Saved data entries

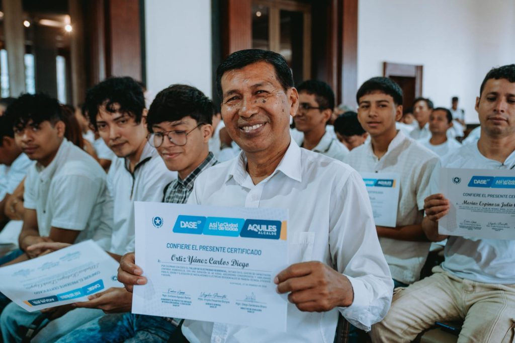 El Centro Cultural Olmedo, antigua sede del Club de la Unión, se convirtió este viernes en escenario de celebración y nuevos comienzos. Un total de 334 ciudadanos recibieron sus certificados tras culminar con éxito los cursos de Mecánica Básica, Electricidad Residencial, Lubricación Automotriz y Mantenimiento de Aire Acondicionado, impartidos por el Centro de Capacitación Continua Huancavilca de EP DASE.
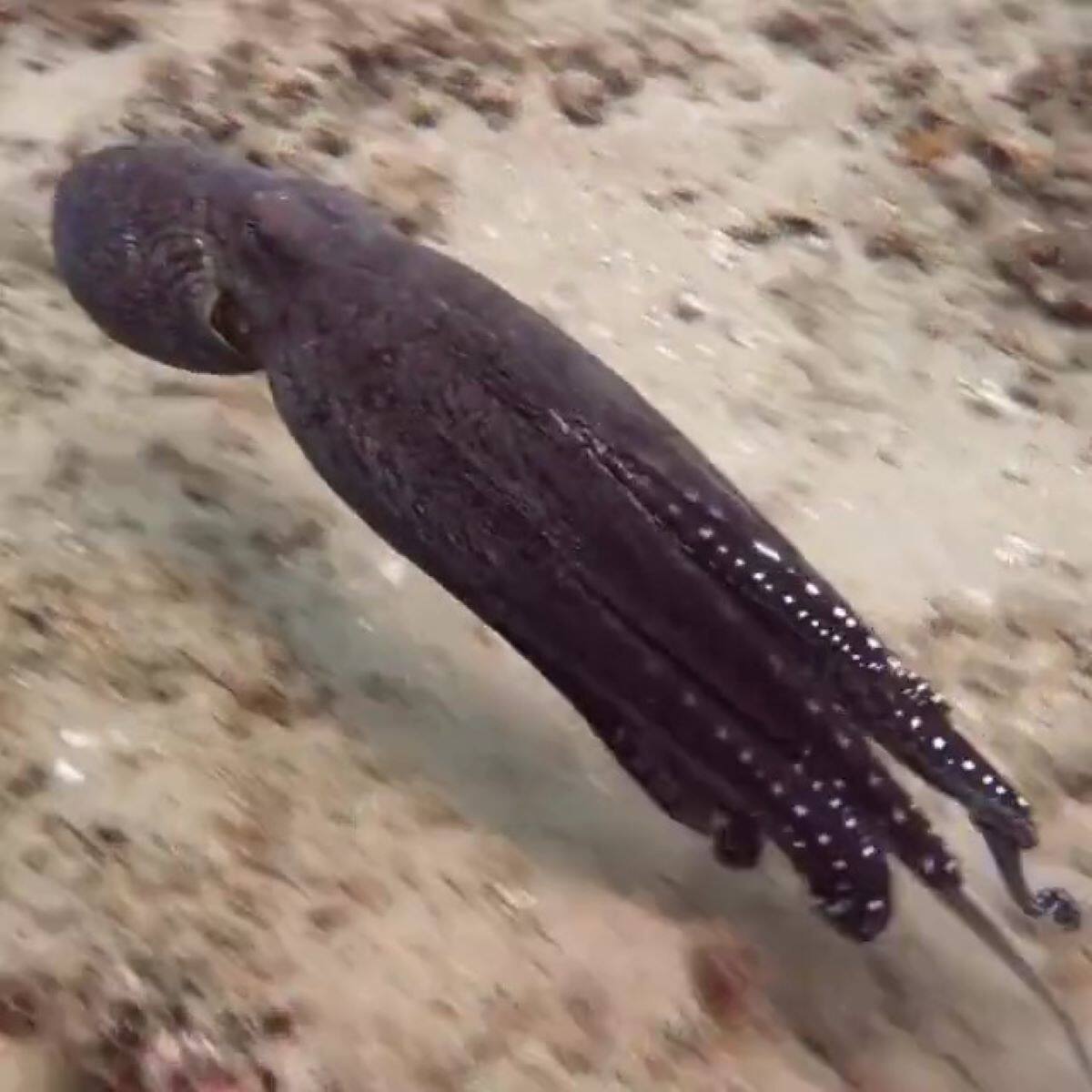 El registro pertenece a Nick Ruberg y fue difundido en la red social por @worderofscience. En el video se aprecia el seguimiento de un pulpo, quien intenta camuflarse cambiando a una tonalidad morada, aunque finalmente decide ingresar a un agujero.
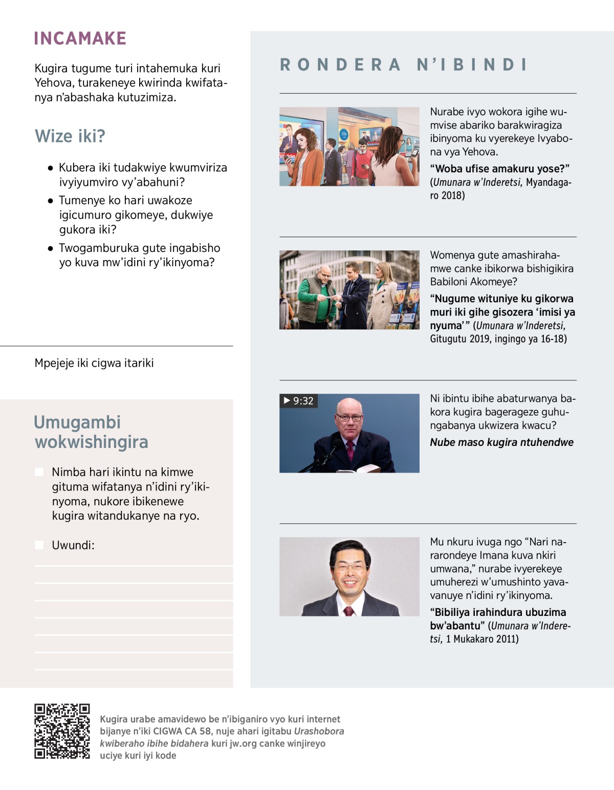 Muri ivyo bintu vyose, nufate ingingo izotuma ugira ijwi ryo mu mutima ryiza kandi izotuma uguma uri intahemuka kuri Yehova.
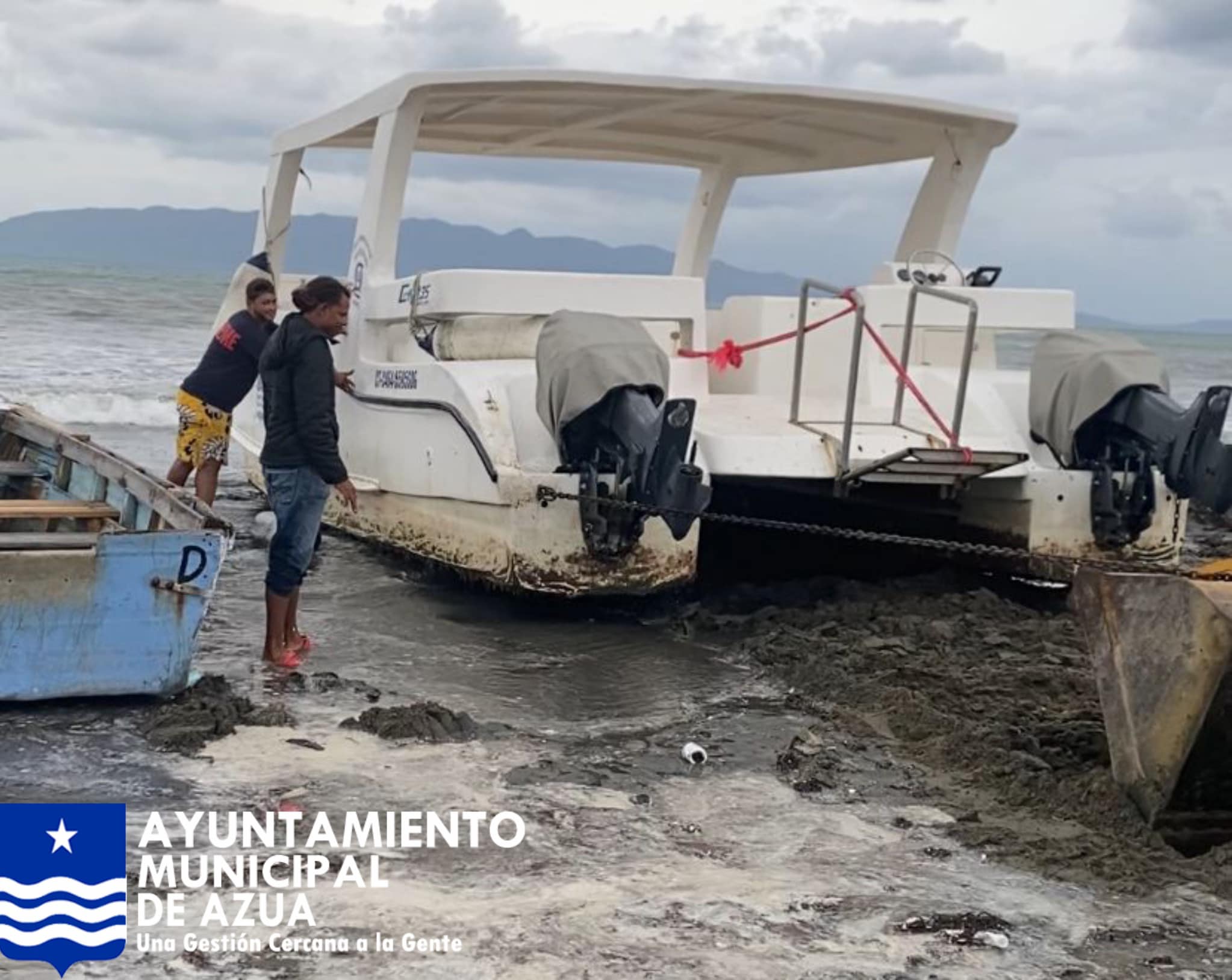 La Alcaldía Municipal de Azua, buscando salvaguardar los equipos del municipio con un grupo de colaboradores y una pala mecánica fue sacado del agua el Catamarán en playa Tortuguero, para que no sufra daños que puedan provocar los efectos del Huracán Beryl.
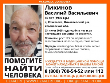 Как сообщалось ранее, в Ульяновской области вчера пропал 86-летний житель деревни Кочетовка Василий Ликинов. Его местонахождение неизвестно.

◆ Work to be completed: What you give back must be exactly the lines from the opening line of the entries through the line holding "El registro pertenece", with no pictures.

◆ Reply:
 El Centro Cultural Olmedo, antigua sede del Club de la Unión, se convirtió este viernes en escenario de celebración y nuevos comienzos. Un total de 334 ciudadanos recibieron sus certificados tras culminar con éxito los cursos de Mecánica Básica, Electricidad Residencial, Lubricación Automotriz y Mantenimiento de Aire Acondicionado, impartidos por el Centro de Capacitación Continua Huancavilca de EP DASE.
 El registro pertenece a Nick Ruberg y fue difundido en la red social por @worderofscience. En el video se aprecia el seguimiento de un pulpo, quien intenta camuflarse cambiando a una tonalidad morada, aunque finalmente decide ingresar a un agujero.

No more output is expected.